Start of Data extract
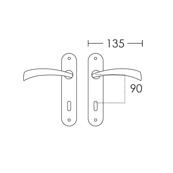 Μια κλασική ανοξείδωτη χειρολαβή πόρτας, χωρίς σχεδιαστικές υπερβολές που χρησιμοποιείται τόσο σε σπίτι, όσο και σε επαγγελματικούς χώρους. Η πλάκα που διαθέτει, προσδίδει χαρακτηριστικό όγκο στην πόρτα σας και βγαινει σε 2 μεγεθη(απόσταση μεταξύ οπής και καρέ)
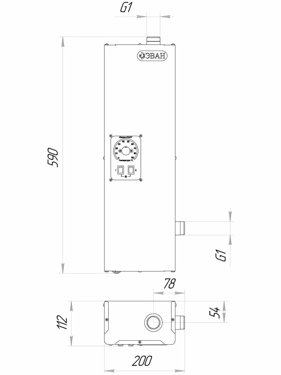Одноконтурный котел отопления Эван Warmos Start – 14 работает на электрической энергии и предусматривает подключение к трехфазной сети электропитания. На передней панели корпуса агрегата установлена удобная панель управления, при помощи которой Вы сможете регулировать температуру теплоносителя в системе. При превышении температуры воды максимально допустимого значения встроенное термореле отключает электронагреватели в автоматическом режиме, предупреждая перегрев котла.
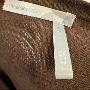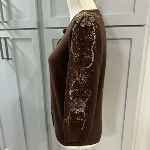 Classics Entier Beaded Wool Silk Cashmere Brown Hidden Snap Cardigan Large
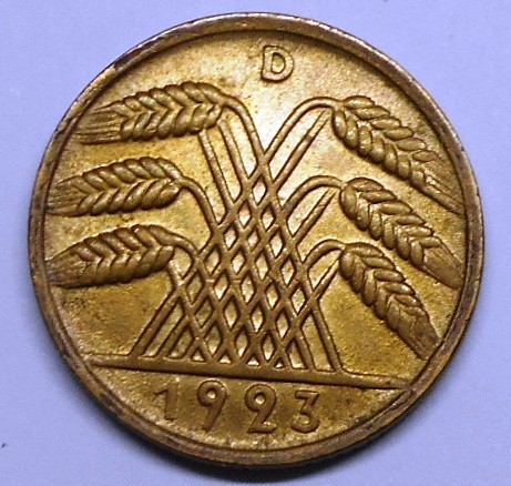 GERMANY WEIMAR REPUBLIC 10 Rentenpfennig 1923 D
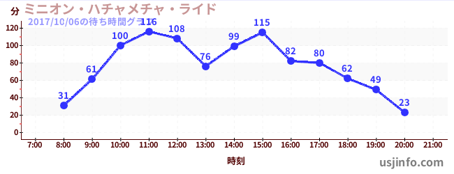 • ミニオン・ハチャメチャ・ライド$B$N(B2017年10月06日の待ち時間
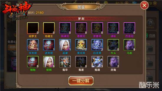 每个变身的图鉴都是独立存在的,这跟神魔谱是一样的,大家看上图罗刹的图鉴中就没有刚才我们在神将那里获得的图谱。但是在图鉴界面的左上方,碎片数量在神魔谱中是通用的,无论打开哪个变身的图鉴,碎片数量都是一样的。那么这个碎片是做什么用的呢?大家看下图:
End of Data extract
Start of Data extract
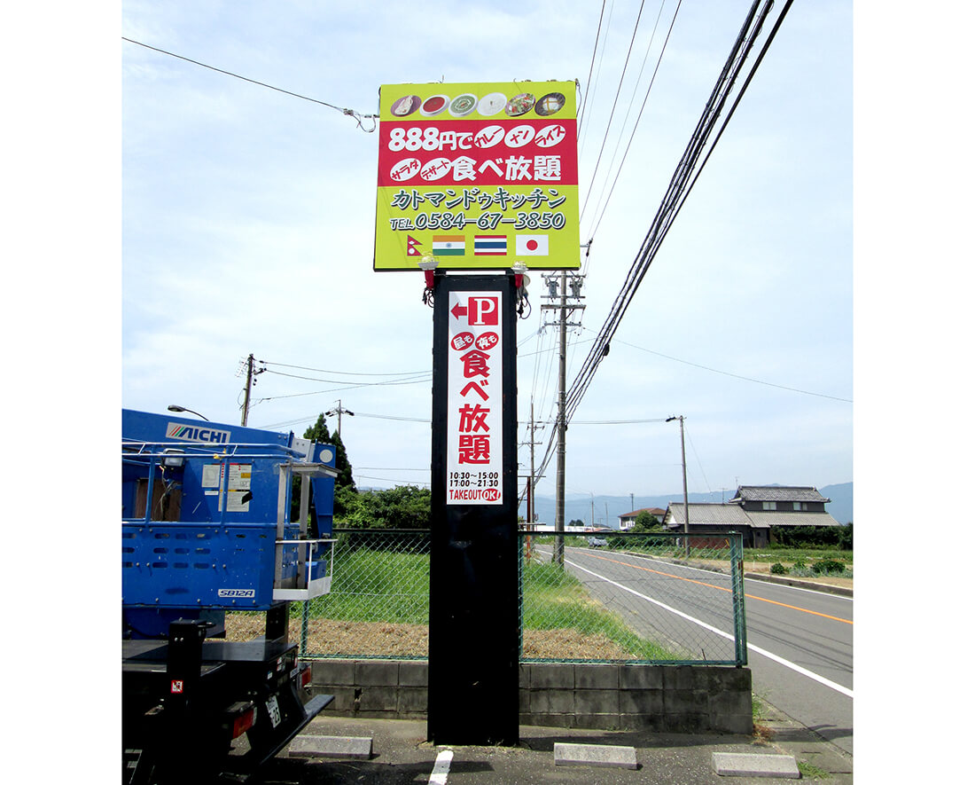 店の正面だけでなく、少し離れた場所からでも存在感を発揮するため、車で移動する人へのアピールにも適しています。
End of Data extract
Return the material from the line containing "Одноконтурный котел отопления" through the line containing "每个变身的图鉴都是独立存在的", exactly and in full, but without its pictures.

Одноконтурный котел отопления Эван Warmos Start – 14 работает на электрической энергии и предусматривает подключение к трехфазной сети электропитания. На передней панели корпуса агрегата установлена удобная панель управления, при помощи которой Вы сможете регулировать температуру теплоносителя в системе. При превышении температуры воды максимально допустимого значения встроенное термореле отключает электронагреватели в автоматическом режиме, предупреждая перегрев котла.
 Classics Entier Beaded Wool Silk Cashmere Brown Hidden Snap Cardigan Large
 GERMANY WEIMAR REPUBLIC 10 Rentenpfennig 1923 D
 • ミニオン・ハチャメチャ・ライド$B$N(B2017年10月06日の待ち時間
 每个变身的图鉴都是独立存在的,这跟神魔谱是一样的,大家看上图罗刹的图鉴中就没有刚才我们在神将那里获得的图谱。但是在图鉴界面的左上方,碎片数量在神魔谱中是通用的,无论打开哪个变身的图鉴,碎片数量都是一样的。那么这个碎片是做什么用的呢?大家看下图:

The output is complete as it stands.